From: "Carlos Myers" <farix@CITYNET.NET>
> From: "Torgny Bjers" <artovil@ARCANEREALMS.ORG>
> > On 03-04-21 00.18, "Carlos Myers" <farix@CITYNET.NET> wrote:
> >
> > I am not entirely sure. But could it have to do with porting to Windows?
> > think that some of the diskio routines don't work straight out of the
> > for Windows, but maybe that's not it. Just a shot in the dark.
> Sammy's original diskio routines didn't work straight out of the box for
> Windows, and I believe several other platforms.  So that couldn't have
> the reason.
I think Sammy gives the answer himself:
 diskio.c Fast file buffering

 (C) Copyright 1998 by Brian Boyle

 Version 1.3

As opposed to the stock code's use of fopen(), fclose(), fgets() etc.,
which first opens a file, then reads small chunks, processes each chunk,
then closes the file, Sammys code loads the whole file to memory on
fbopen(), then makes alterations in memory (reads/writes/appends), and
writes the whole file on fbclose().

Due to the way computers - and especially harddrives[1] - work, it is
considerably faster to avoid reading from the same file multiple
times. This is even more true on OS'es as complex as *nix and windows,
since these might allow other processes access to the disk in between
reads, making access time even slower.

These routines deserve a wider audience, if you ask me.


[1] Access times on large (new) drives are in the area
    of 5-15 milliseconds(average 8,5).
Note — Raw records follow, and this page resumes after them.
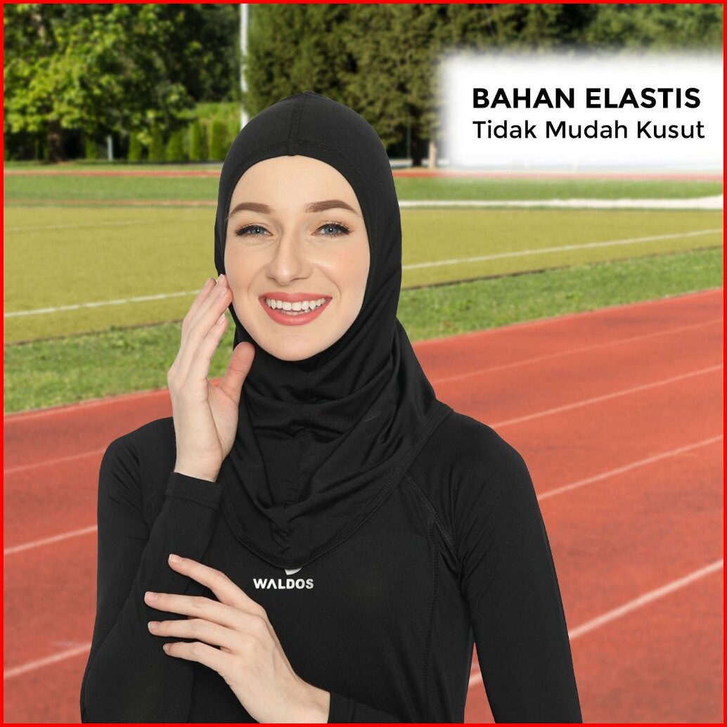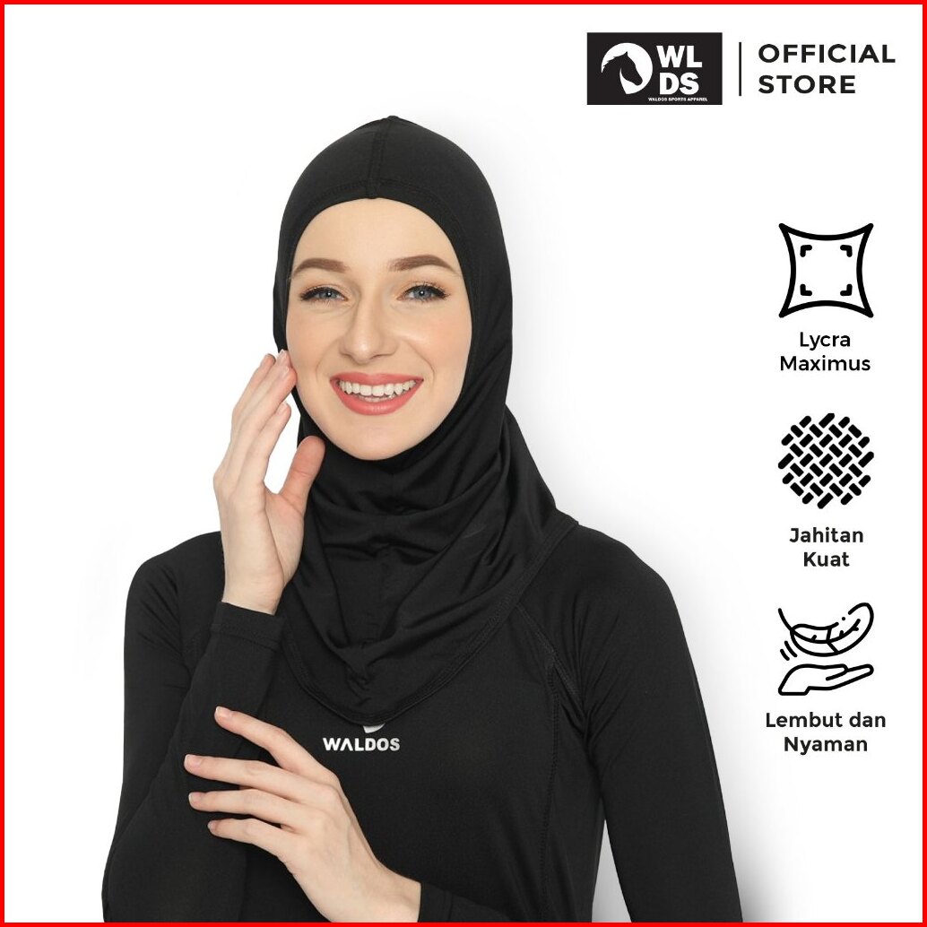 Wlds Exclusive Hijab Wanita Jilbab Sport Premium Lycra Hitam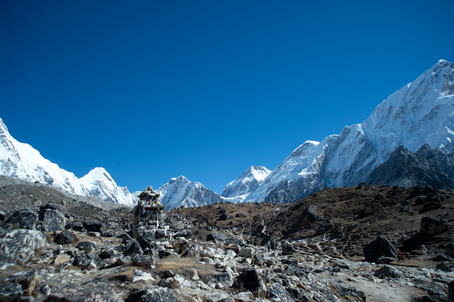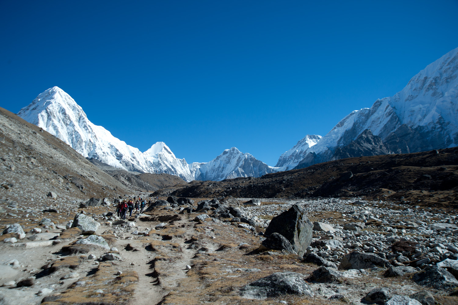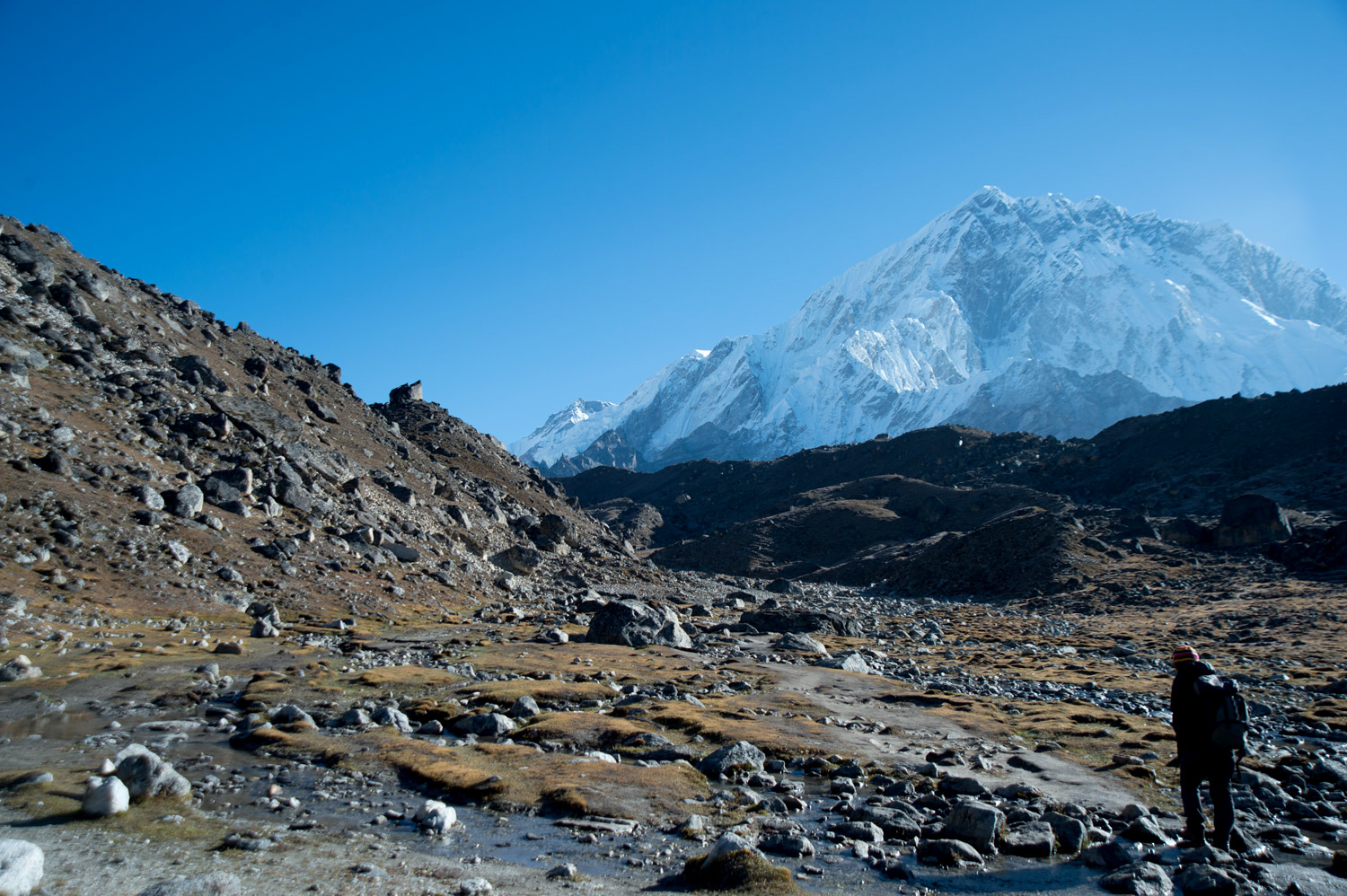 高海拔的清晨下陽光特別耀眼,天藍得一片雲也沒有,我們就在明媚陽光下離開Lobuche。今天上午去Gorakshep的距離只得5KM,比任何一天走的路少,但這5KM絕不簡單,因為我們是在海拔五千米上升二百多米,所走的每一步都比低海拔辛苦。加上由Lobuche開始沿著Khumbu glacier行,路上已沒有任何植物,只得石頭和塵土,偶爾會看到一些小水洼,上面被冰塊蓋住。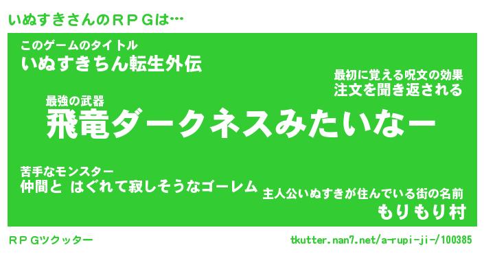 | 伝説のあだ名 | 『封印されし傭兵いぬすき』 |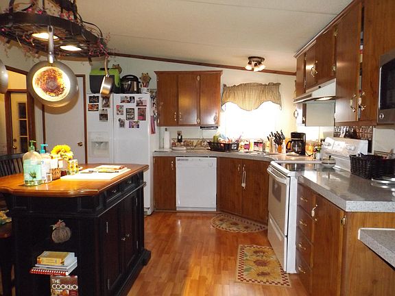One owner home, updated and move in ready! Large 12x16 covered front porch/deck. Center Great Room w/Fireplace. Split Bedroom design. 2 full updated Baths incl: walk-in tiled shower in Master Bath. Also 3 closets in Master Bedroom. Open Kitchen to Dining Room. Newer Kitchen appliances stay, Dishwasher NEW 2018. Designer island & light fixture passes with property. Main level Laundry Room off Kitchen. Roof NEW 2012, tilt-in replacement windows new 2006. NEW well pump 2017. NEW rear deck 2018.

On a multitasking
    computer, it is not rare for a couple of hundred processes
    to be running at the same time, or rather, in fast sequence,
    each getting a small portion of the cpu time. If one of these
    processes needs diskaccess, it connects through the proper
    interface, which then looks up the relevant part of the disk.
    This process takes the above 8,5 ms. If another process then
    wants diskaccess, the interface will have to find back to the
    place currently being read from, next time around, again using
    8,5 ms to find it.
    Luckily the makers of harddrives have realised that this is a
    terrible waste of time, and so have included built-in caches
    on the harddrives themselves, guessing what you might want to
    read next, and storing it in a small, fast memory, typically
    either 2 or 8 MB, the larger the disk, the larger the cache.
    So now you're thinking, ok, so the harddrive manufacturers
    have dealt with the issue, so I don't have to bother, right?
    Wrong! Even the best cache can only guess at the next part
    you want to read. If you code using internal file buffers,
    the cache can guess whatever it likes, it doesn't matter. You
    have made sure that regardless if there are 100 other programs
    wanting access to the harddrive, you're not in line anymore.
    After all, you're a better guesser than the cache, since you
    _know_ what you'll be reading next.
    All that accomplished by a small diskio library. Kudos to Sammy.
    Oh, you already knew that? Sorry, didn't mean to sound patronizing.